6 is an exploded perspective view illustrating a backlight assembly according to a first embodiment of the present invention.

Referring to FIG. 6, the backlight assembly 300 according to the first embodiment of the present invention includes a light source module 310, a prism light guide plate 320, an optical sheet 330, and a storage container 340.

The light source module 310 includes a light source 311 that generates light. In addition, the light source 311 may include a protective cover 312 for protecting the light source 311 from the external impact. In addition, the light source module 310 is preferably formed in plurality in order to improve the brightness characteristics.

The prism light guide plate 320 is formed with a light guide pattern (not shown) for guiding the light to change the path of the light incident from the light source 311 disposed on one side or both sides.
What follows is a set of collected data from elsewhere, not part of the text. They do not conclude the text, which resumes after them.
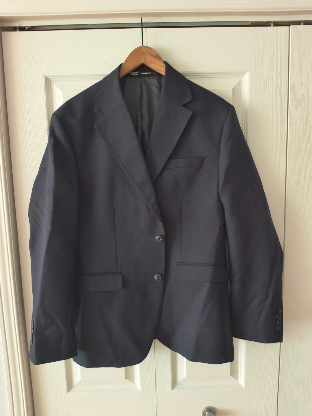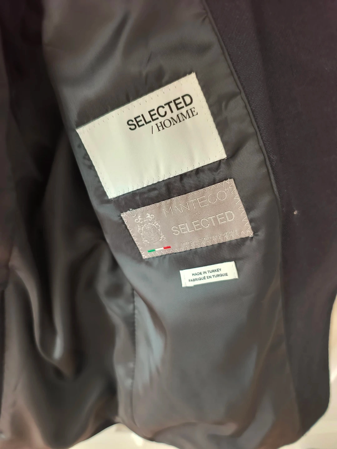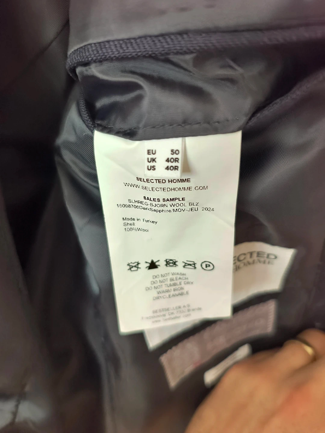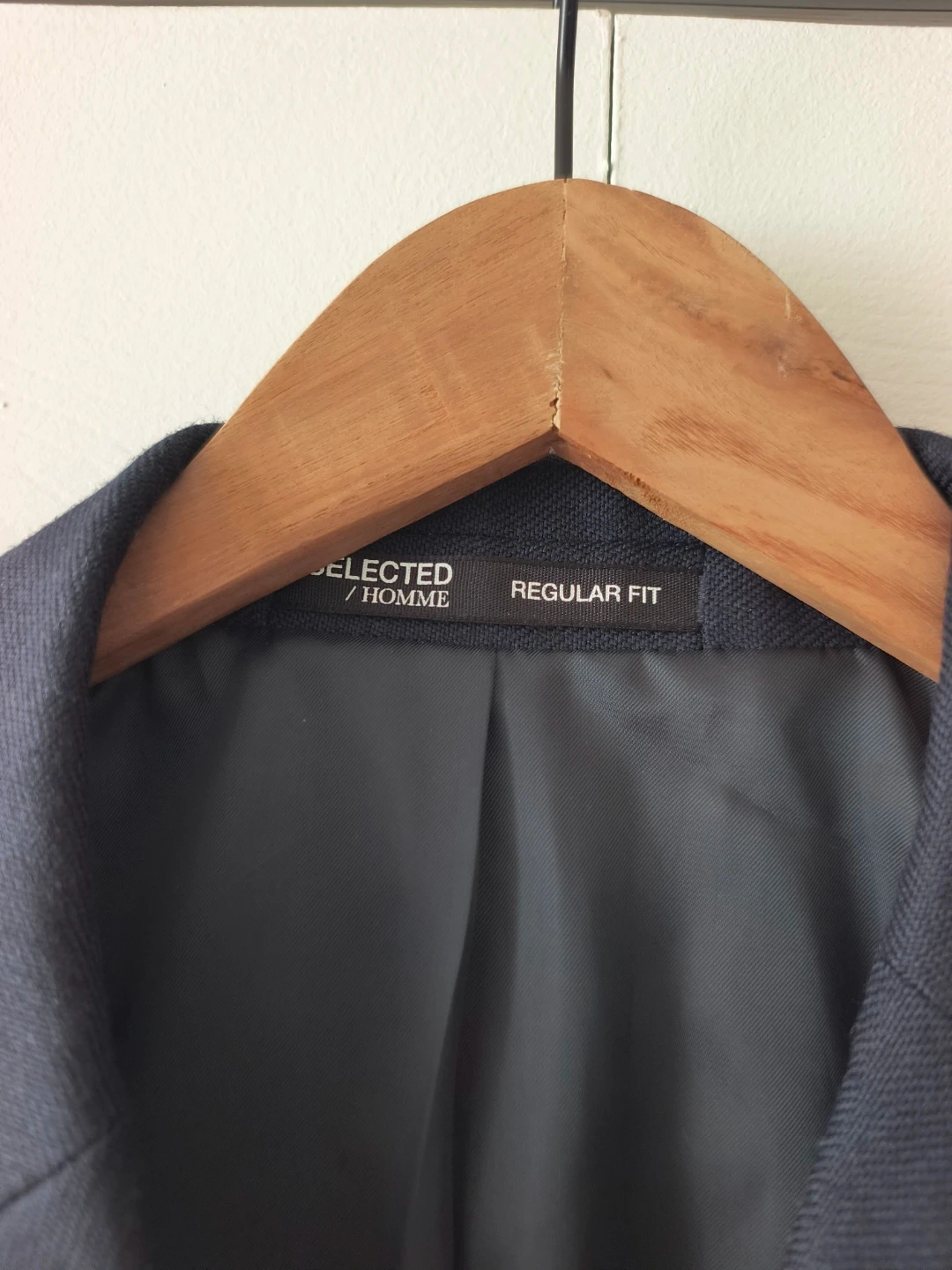 Selected Homme blazer in a deep navy colour. It's made from 100% wool and features a regular fit. This jacket is suitable for formal occasions.
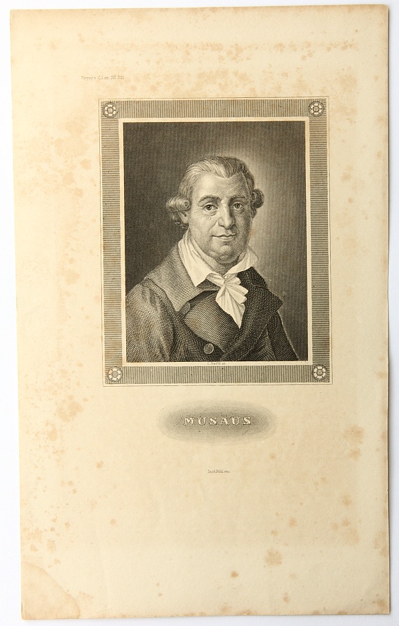 - Beschreibung: Porträt des Johann Karl August Musäus(1735 Jena – 1787 Weimar) Schriftsteller, Philologe und Märchensammler, Stahlstich. Beschreibung: Stahlstich auf Papier. Unterhalb der Darstellung in Druckplatte mit dem Namen des Dargestellten versehen.
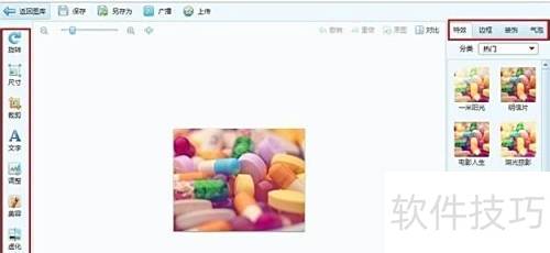 4、 启动QQ影像后,利用左侧工具栏和右上角效果设置,可对图片进行多种编辑操作。

In addition, a back prism portion including a back prism 321 is formed on a rear surface of the prism light guide plate 320, and a front prism portion including first and second prisms 322 and 323 is formed on a front surface thereof.

Since the prism light guide plate 320 is formed in the same shape as the prism light guide plate 200 shown in FIGS. 3 to 5, detailed description thereof will be omitted.

The optical sheets 330 improve brightness characteristics of light emitted from the prism light guide plate 320. To this end, the optical sheet 330 may be formed as a structure including a diffusion sheet for diffusing the light emitted from the polarizing sheet or the prism light guide plate 320 to improve luminance uniformity of the light.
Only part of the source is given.